The Pithy Take & Who Benefits

Political science professor Laura Katz Olson untangles the mess that is Medicaid, laying bare its beginnings, the countless political efforts to undermine it, and the many more attempts by private agents to bend the program to their will. Although written in 2010, before the enactment of the Affordable Care Act, many of the words still ring true today.
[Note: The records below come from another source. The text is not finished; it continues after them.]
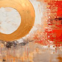 A Touch of Gold #XXVII is een digitaal schilderij in abstracte expressionistische stijl. Het kleurenpallet is opgebouwd uit verschillende tinten royaal oranje, wit en goud. Het werk geeft een moderne rustieke uitstraling aan uw interieur!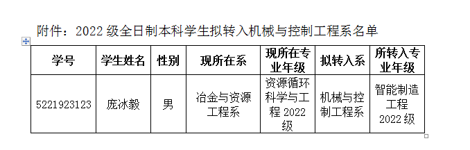根据分校《关于做好2023年度英国上市公司365全日制本科学生转换专业工作的通知》要求,经学生本人申请、转出系同意、学生按要求完成了拟转入专业课程听课,我系对学生的申请材料进行了审核,并于2023年6月15日在机械系会议室进行了面试,同意该生的转专业申请,现将拟调整专业学生名单予以公示,公示期自2023年6月16日起至2023年6月19日止。如对拟调整专业学生有异议,请于2023年6月19日前向本系反映。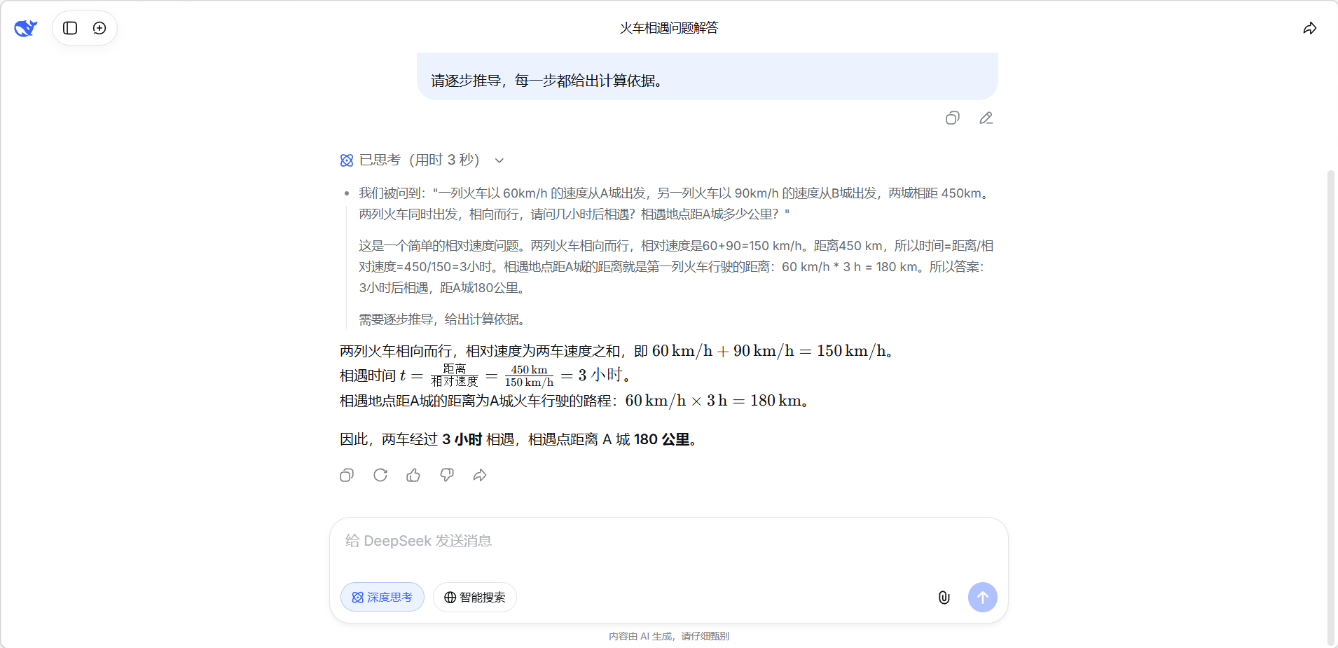 深度思考是 DeepSeek 最具代表性的核心功能之一。点击输入框下方的「深度思考」按钮后,DeepSeek 会切换到 DeepSeek-R1 推理模型,在给出最终答案之前,先在界面上展示一段灰色的「思考过程」——就像一个学生在解题时先打草稿、逐步推演,最后给出经过严格论证的答案。

That is, although Medicare was carefully crafted legislation, Medicaid was a hastily conceived afterthought, and with or without the ACA, it is still vulnerable to conflicts and inadequacies, and as a result, often leaves behind those it is supposed to help.
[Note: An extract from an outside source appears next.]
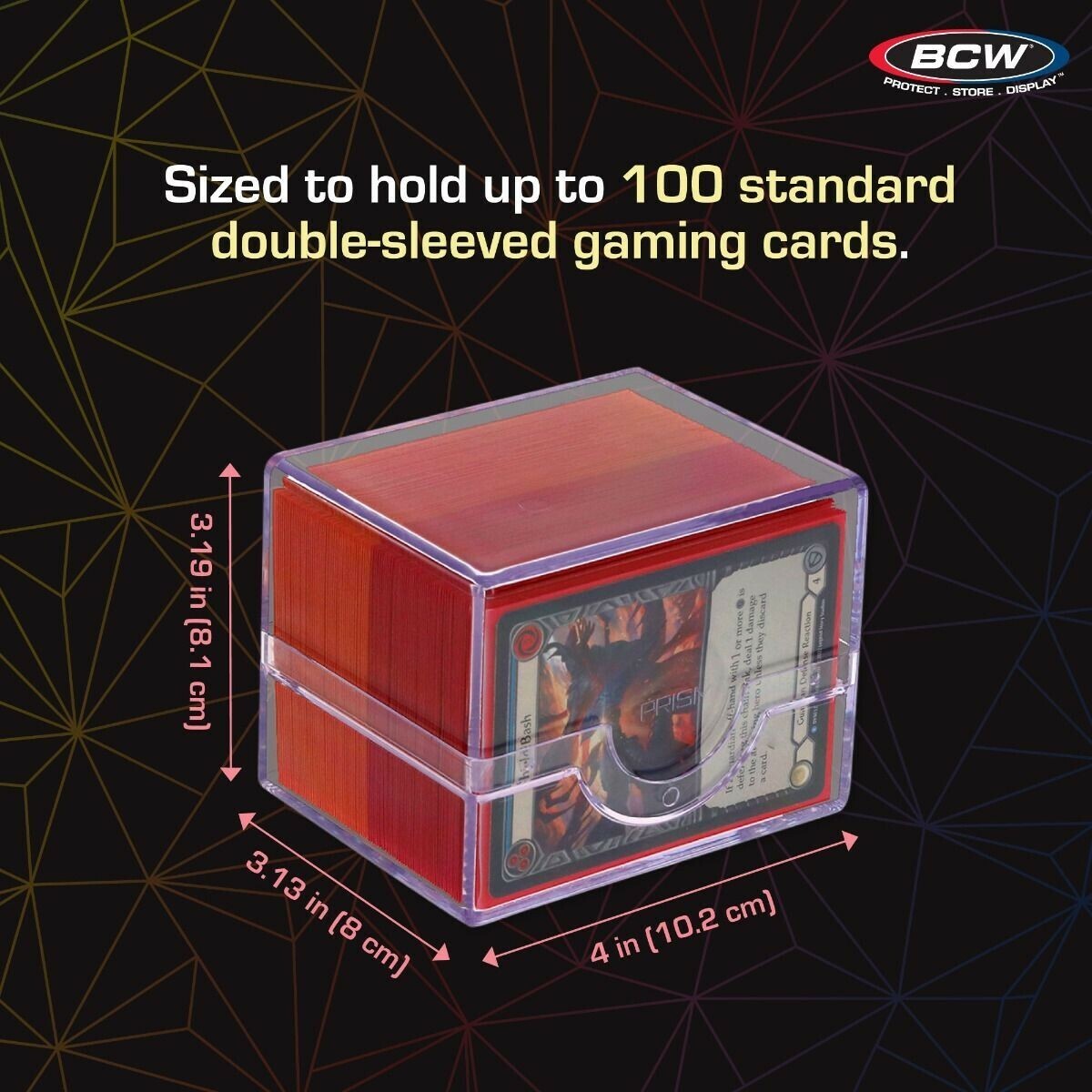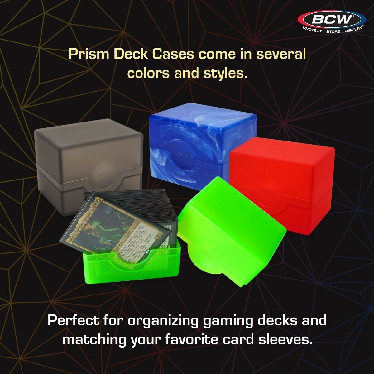 The Pale Moon White Prism Deck Cases are made of strong, translucent plastic, and have a matte shell. These boxes hold a deck of cards in a horizontal format, which makes it easy to remove the cards. The boxes have a secure snap closure, and squeeze to open. The fit will not allow the case to open accidentally, so cards stay safe during transport. Sized to hold 100 standard double-sleeved cards, the Prism cases are perfect for a variety of games, from Commander decks for Magic the Gathering, to constructed Flesh and Blood decks. Sturdy, colorful, and secure, the Prism cases will make a great addition to any CCG fan's arsenal.

I think this book is for people who seek to understand:

(1) how federal and state governmental actors have politically pushed and pulled on Medicaid funding;
2) why so few people actually get on Medicaid, and the type of care they receive;
3) what the different private players in the Medicaid game–from insurance agencies to pharmaceutical companies to managed care entities to hospitals–seek from the program, for their own gain.


The Outline

The preliminaries

  • Medicaid–a federal and state program that tries to help cover certain medical costs for some people of limited income–is a labyrinth.
    • It’s the U.S.’s basic safety-net health plan, and without it, there would be even more than the 47 million medically uninsured individuals than there are today.
    • To qualify for Medicaid, people must be more than indigent–they have to meet very strict income thresholds that are far below the official federal poverty level.
    • It consists of fifty separate state government plans that change regularly, with countless federal regulations and shifting funding sources, all influenced by a large range of health industries.
  • It’s the fourth largest program in the federal budget (after Social Security, national defense, and Medicare), and often among the top two in most states (alongside education).
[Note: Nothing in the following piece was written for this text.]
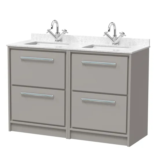 Hudson Reed Lille 1200mm Floor Standing 4-Drawer Vanity with Marble Worktop Basin - Pebble Grey

National Health Care: Early Failures

  • Comprehensive medical insurance, which has been a goal of many progressive leaders, has always faced formidable obstacles.
  • In 1964, President Lyndon Johnson, who embraced health care for the elderly, wanted to create a two-part Medicare program:
    • Part A would be supported by employer and employee payroll taxes, and would provide hospital care and limited nursing home care for certain older people.
    • Part B would be a premium-based benefit, partly funded by general revenues and beneficiary copayments, paid for by physician and other services.
    • But, there came a third piece, Medicaid, which only emerged after minimal debate, and was hastily devised.
      • It focused on health services for impoverished people in general.
  • Conservatives accepted this, seeing Medicaid plus Medicare as a means of curtailing more comprehensive national health care.
    • For them, this type of service did not represent a commitment to medical care as a basic right.
    • Rather, conservatives anticipated that because Medicare removed the “deserving” elderly population from public debate, the Medicaid population (and uninsured working-class families) would thus be isolated and politically vulnerable.
  • Medicaid ended up being attacked from all sides.
    • Liberal reformers were disappointed that it covered so few people, and that it failed to lead to universal health care.
    • Conservatives disliked how much money was spent on it.
    • Providers thought it gave them sorely inadequate fees, while unions and industry groups demanded greater compensation.
    • Patients covered by Medicaid decried inadequate access to providers and low-quality care.
    • The working class, resenting how much of their taxes went to a program they did not qualify for, also disapproved of the program.

From Reagan to Clinton: The Low-Income Health Program on Trial

  • In the 1980s and 90s, Presidents Ronald Reagan and George H.W. Bush were determined to roll back social welfare programs.
    • But, neither could do so; nor could they rein in costs.
  • State policymakers restructured their Medicaid plans, by introducing things like market-based service and delivery systems; weakening federal rules, regulations, and safeguards; chipping away at recipient benefit packages; and raising program eligibility levels and curtailing provider reimbursements.
    • Overall, state officials were unwilling to reduce Medicaid too much
    • They were more likely to try and coax additional dollars from the federal government.
  • Then came the emergence of the “new right,” which gripped Congress in 1994, and they pushed to shrink Medicaid. 
  • After that, in the late 1990s, as economic stagnation turned into a boom, Congress expanded coverage to low-income children. 
  • Overall, during this time, the growing need for medical protection among low-income families was far greater than any endeavors to assist them.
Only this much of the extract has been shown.